There may be two dynamics that need to be thought about separately.  One concerns the Press, who pursue whatever is the current story, often in an unimaginative, combative, and self-righteous manner. Inevitable disagreements between experts, or evidence of shortcomings and problems, are frequently harnessed to feed outrage. The other concerns us all. The difficulty is that at times of high anxiety and trauma, groups can revert to deeply programmed, readily available ways of functioning.  This can be ‘heart-warming’ – applauding our NHS heroes, and sticking up our pictures of rainbows: but it can rapidly turn bad. Such ways of behaving are fundamentally expressions of primitive feelings at times of high anxiety. These can be generous, but also vicious. What happens when disillusion sets in?  This is not simply an issue of how we now, and when the dust settles, hold our politicians to account: the potential for our nastily turning on each other is, arguably, more serious.

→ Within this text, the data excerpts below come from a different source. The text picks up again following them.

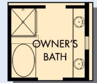
OPTIONAL SLIP-IN TUB WITH SEPARATE SHOWER AT OWNER'S BATH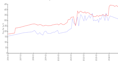
Belleview Biltmore Villas Bayshore I & II vs Belleair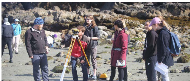
Tofino 2019 McKenzie Beach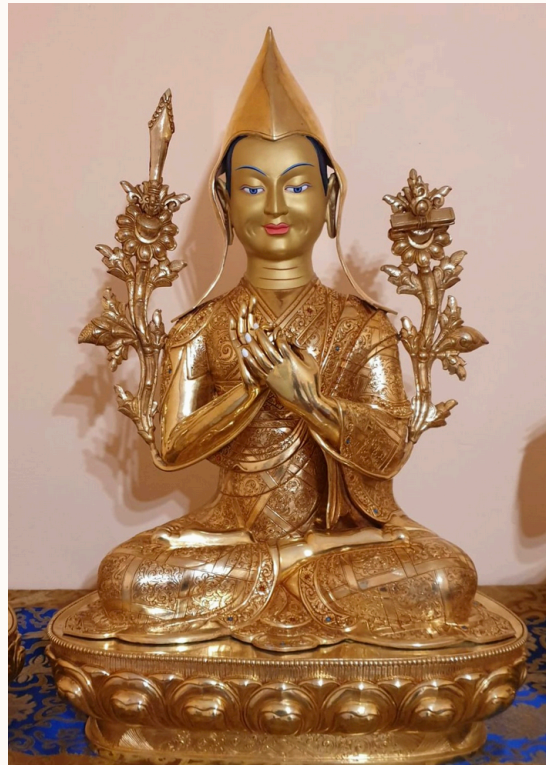
Statue of Lama Tsongkhapa at Maitreya Pure Land.

To mark this occasion, we are delighted to welcome our Kalmyk brothers and sisters , represented by the ADKF association (Association of the Kalmyk of France), to Nalanda Monastery for two days. They follow the same Gelug traditions as us, and for them, this day marks the start of the New Year.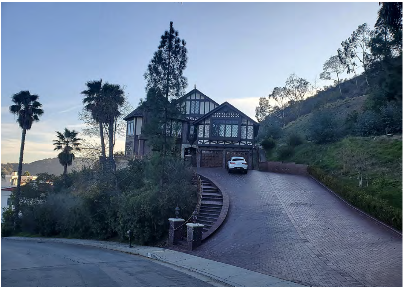
H. 2947 OAKONT VIEW DR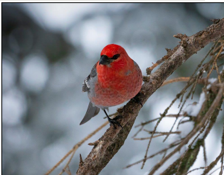
Pine Grosbeak by Kate Ochsman

Today we will venture into the heart of Yellowstone National Park via Snowcoach! This is the most amazing way to see the park in Winter, including enjoying Old Faithful and Steamboat Spring geysers erupting cold, crystalline, and beautiful in the freezing temperatures. It is also our opportunity to take in some of the most iconic images of Yellowstone - snow-covered, thick-furred, Bison emerging from the steamy valleys. Other wildlife we are likely to encounter today include Elk, Pronghorn, and Bighorn Sheep. Though today is mostly devoted to non-avian wonders of the world's first national park, we will likely run into some of the commoner Winter species like Townsend's Solitaire, Steller's Jay, and Bohemian Waxwing. We will do our best to track down individuals of the few resident Great Grey Owls, though we cannot trek for them and will leave it to serendipity to find one from the road. Overnight Gardiner.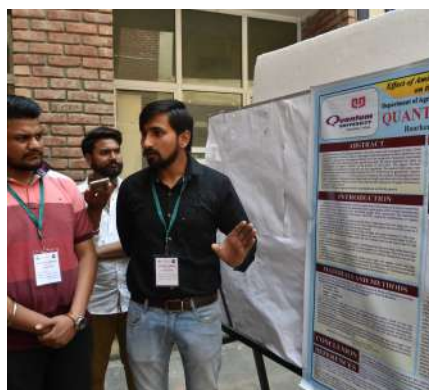
Students from Quantum University can be seen explaining their poster to the judges in Poster Making event during the seminar. Students from several colleges participated.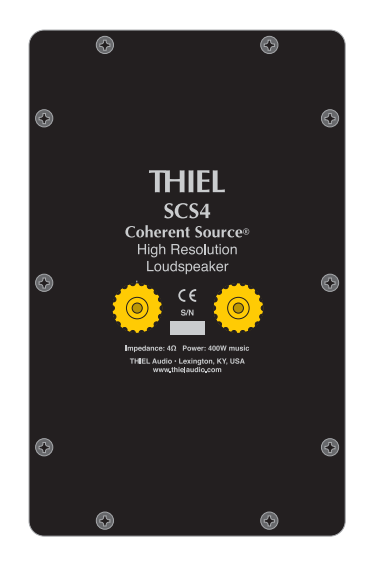
Rear input panel

The speakers should be connected to the amplifier with high quality cable to ensure minimal loss of power and proper control by the amplifier. If the speakers are being connected to a vacuum tube amplifier with various impedance taps, the 4 ohm tap will usually give the best results.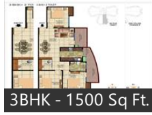
3BHK - 1500 Sq Ft.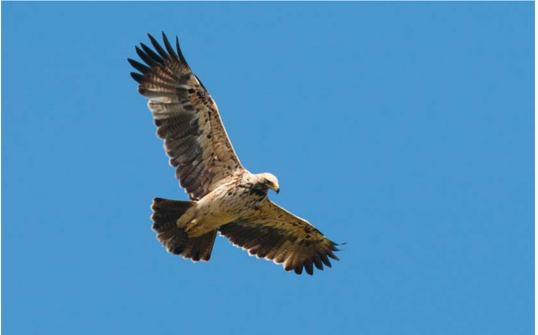
436 Eastern Imperial Eagle / Keizerarend Aquila heliaca , subadult, Sturup, Skåne, Sweden, 25 July 2012 437 Rüppell's Vulture / Rüppells Gier Gyps rueppellii , Vila Velha De Rodão, Portugal, 4 August 2012 438 Hybrid Lesser Spotted x Greater Spotted Eagle Aquila pomarina x clanga , juvenile, Biebrza marshes, Poland, 7 September 2012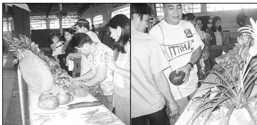
The PINAKA Contest, Tiangge Fair and the Well-Baby Contest during the Culminating Activity of the Nutrition Month

In line with this year's Nutrition Month Celebration center with the theme "Gutom At Malnutrition, Sama-Sama Nating Wakasan", the Local Government Unit of Mina, Iloilo held its Culminating Activity on July 28, 2014. It was participated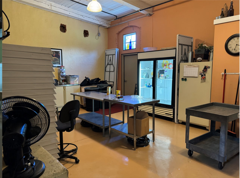
UPPER LEVEL KITCHEN SPACE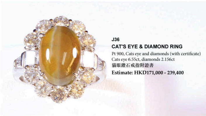
J36 CAT'S EYE & DIAMOND RING Pt 900, Cats eye and diamonds (with certificate) Cats eye 6.55ct, diamonds 2.156ct 貓眼鑽石戒指附證書 Estimate: HKD171,000 - 239,400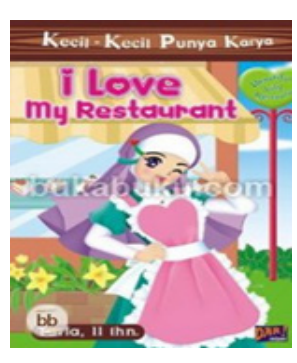
Figure 4 Kecil-Kecil Punya Karya Books

Islam and western symbols are addressed for the girls that are often considered as two different competing poles in social and political practice. It is used at the same time in displaying a story because it cannot be separated from the cooperation of different subjects in the industry of teen lit. Dar Mizan, as the publisher, is a subject that contributes to this construction of narration, while the girls are used to construct this narration. Dar Mizan publisher holds an Islamic ideology with the ideological message, which wants to convey and on the other hand, is a way to attract the target market. Indonesia is the largest Muslim country in the world, and with the rapid economic growth after the Reformasi movement in 1998, the rise of the middle and upper class has been significant (Ansori, 2009). Targeting the Muslim in middle and upper-class readers is the publisher's marketing strategy for financial gain. Indeed, Kecil-Kecil Punya Karya books are quite expensive for the lower-class consumers, and as such, the series' target audience of middle and upperclass children is readily evident.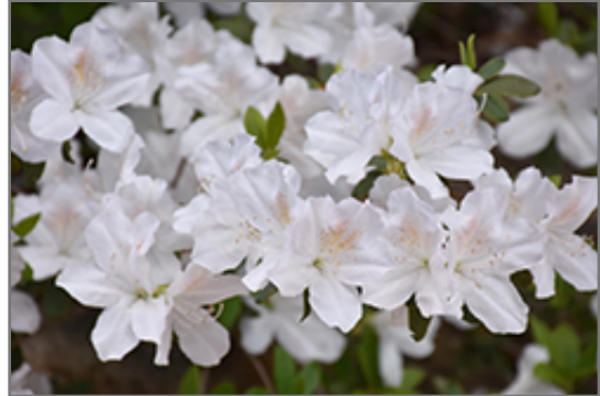
Delaware Valley White Azalea flowers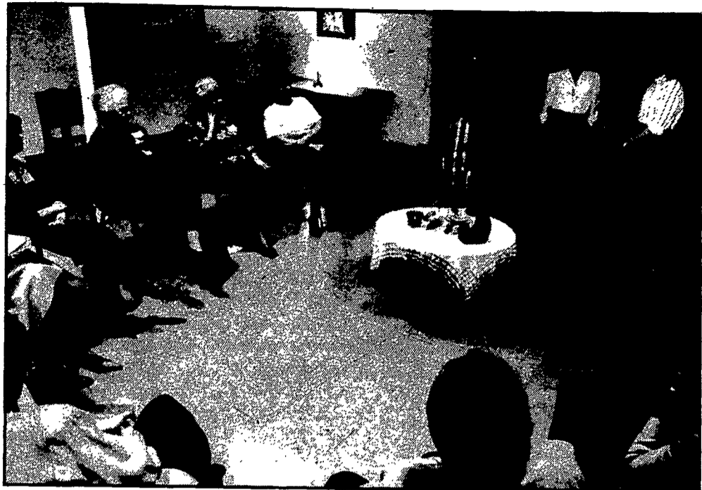
Sister Hilda Blade (top right, center) directs two women in role-reversal during the first of a four-part series entitled "Gospel Women Today."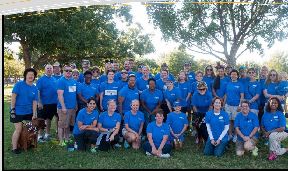
2016 DFW WALK for Brain Injury: UT Southwestern Out in Full Force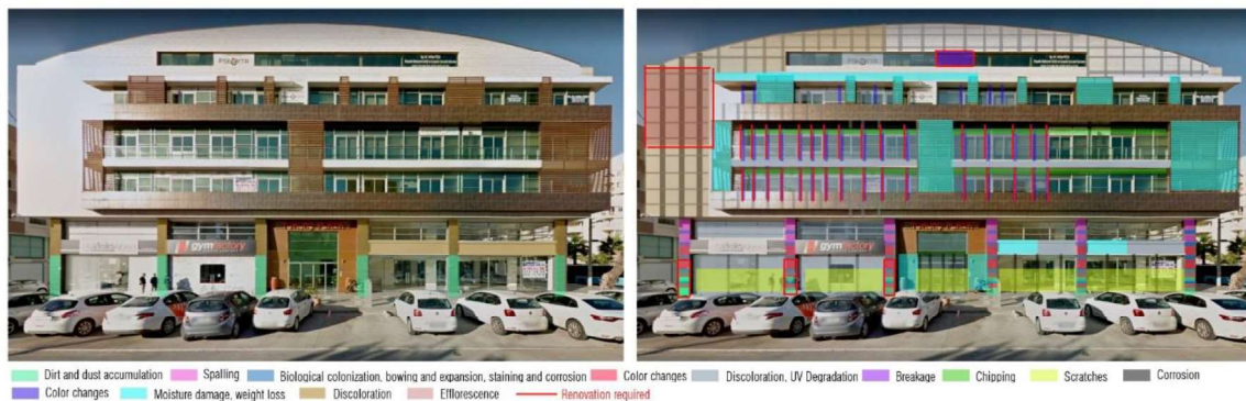
Figure 5. Facade of the building (on the left), facade of the building in 30 years (on the right).

Because of the location of the facade, air pollution may cause wet deposition where there is no rain-wash. This may cause gypsum crust (Agnes et al. 2012). Observations after the rain showed that, some part of the ceramics dry longer than the other parts. Condensation can lead to mold growth, noxious odors and deterioration of building finishes of the panels (Campante and Paschoal, 2002). Biological activity would be seen on the cracks of the ceramics (Agnes et al. 2012). Cracking occurs when thermal movement isn't provided (Goldberg, 2002).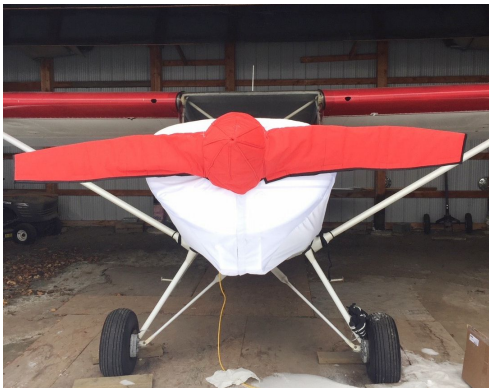
Bearhawk Engine Cover (test fit), Insulated Prop Cover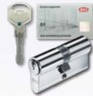
ES 2217 BKS Livius security cylinder with registration card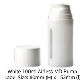
White 100ml Airless MD Pump Label Size: 80mm (H) x 152mm (l)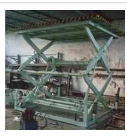
Double Scissor Lift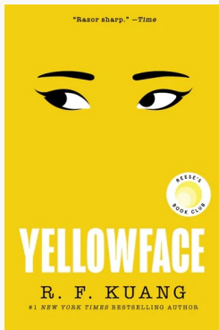
Caption: Book cover of Yellowface by R.F. Kuang.

If you're looking for a great holiday gift, consider this 2023 award-winning and bestselling novel, Yellowface by R.F. Kuang . An electric satire about racial identity in the trade publishing world, Yellowface is thought-provoking and at times, acidly funny. We encourage you to use our Yellowface Curriculum Integration book study as a guide (scroll down to Attachments section). Happy reading!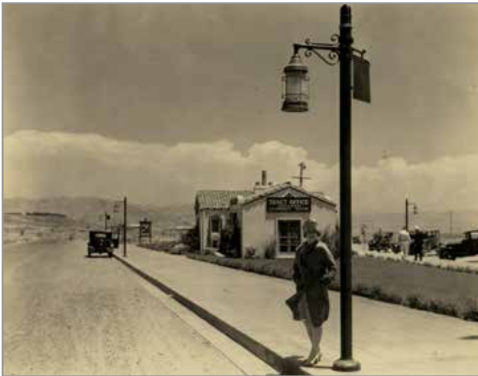
Lantern & Tract Office

For the next 30 or so years as the Los Angeles basin grew eastward and southward the Capistrano cove area became a beach destination for citizens inland from the coast because of the availability of train service from LA to San Diego. However, in 1924, San Juan Point, the first subdivision in Dana Point, opened with cross streets named for colored ship lanterns. (As a side note, the current improvements to the new downtown Lantern District includes restoring some of those colored street lanterns.)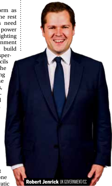
Robert Jenrick

say. To oppose the bosses, their divisive ideas and to take the wealth and power back into our hands, we need to get organised. Discussions within trade unions on the necessary steps for our class to establish our own political voice are ongoing. To get involved in that fight, and to put to bed a system which puts profit over the interests of the vast majority of us, join the Socialist Party today.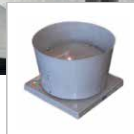
HVJ-2 Vertical Discharge Roof Fan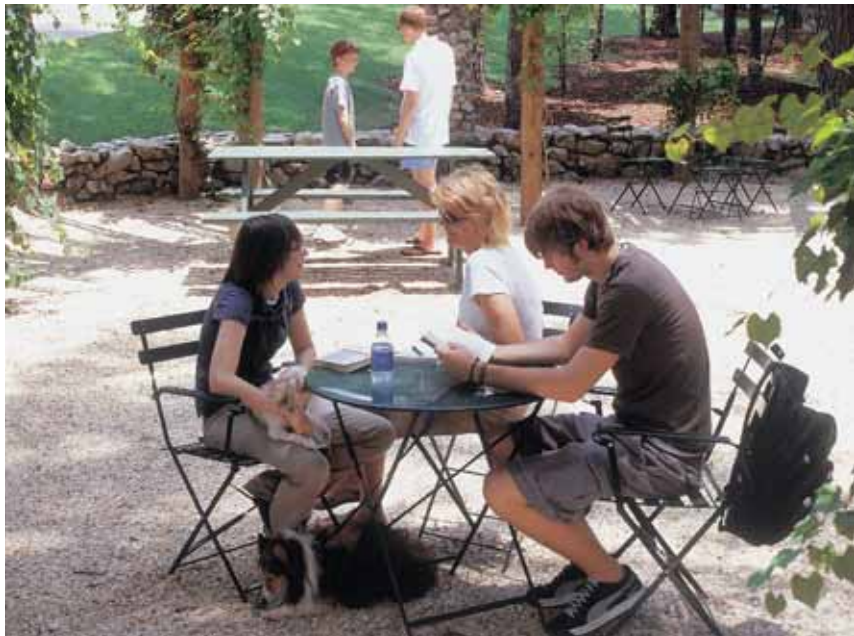
(Top) There's something for everyone at Mt Laurel Farmers' Market. (Above left) Turn off that T.V. and enjoy the day at Mt Laurel. (Above right) The great outdoors are never far away with Mt Laurel's three parks.

The challenge is to recognise the old familiar ways in which we think, and the ready satisfaction that comes from ‘the same old story’.  We have to attend to how we distinguish between legitimate concerns, and the playing out of psychic dramas. We need to find new ways forward, not take old ones off the shelf. We have, individually and as a society, to recognise and manage our rage and anxiety, not to silence ourselves, but to channel our experience and views constructively.  A ‘no blame culture’ has been aspired to for years in health and social care, but it’s needed everywhere.  ‘Do unto others as you would be done by’: that’s never easy, but very good advice for us all.

Chris and John

One thought on “Blame again…

  1. Can we learn from scientists? As a never-scientist I am struck by their approach which seems to be that they accept failure as a chance to learn from experience. I’d like to know whether the blame culture operates any differently in the scientific community.